◆ **PROBLEM DETAILS**:
Look below for the line containing "Hecho a mano". Write out that line and the rest through the last one, exactly as they appear, but without pictures.

◆ **SOURCE MATERIAL**:

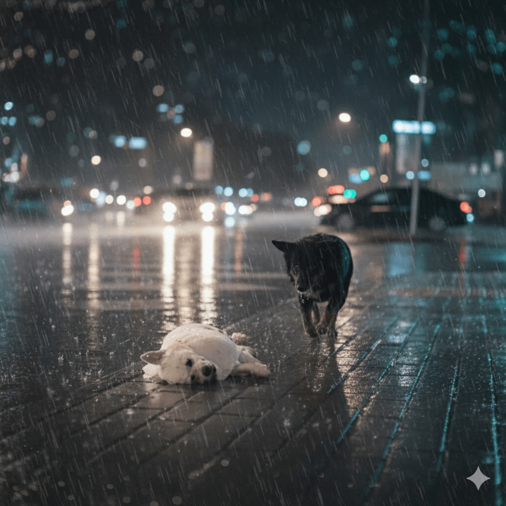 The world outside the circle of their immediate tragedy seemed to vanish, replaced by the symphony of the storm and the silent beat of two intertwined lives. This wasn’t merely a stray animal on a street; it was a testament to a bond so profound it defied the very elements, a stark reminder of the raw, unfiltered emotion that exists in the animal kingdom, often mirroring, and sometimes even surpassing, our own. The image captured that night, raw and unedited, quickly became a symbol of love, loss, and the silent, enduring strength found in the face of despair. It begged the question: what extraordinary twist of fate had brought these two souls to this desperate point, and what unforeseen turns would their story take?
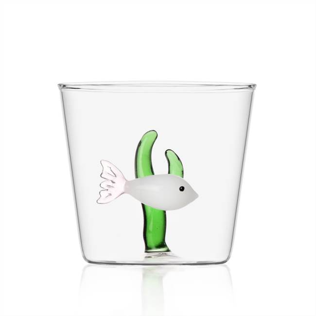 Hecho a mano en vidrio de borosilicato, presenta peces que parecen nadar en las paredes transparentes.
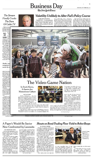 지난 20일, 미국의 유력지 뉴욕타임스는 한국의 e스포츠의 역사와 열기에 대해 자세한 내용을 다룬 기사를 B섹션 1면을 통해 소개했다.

◆ **RESPONSE**:
 Hecho a mano en vidrio de borosilicato, presenta peces que parecen nadar en las paredes transparentes.
 지난 20일, 미국의 유력지 뉴욕타임스는 한국의 e스포츠의 역사와 열기에 대해 자세한 내용을 다룬 기사를 B섹션 1면을 통해 소개했다.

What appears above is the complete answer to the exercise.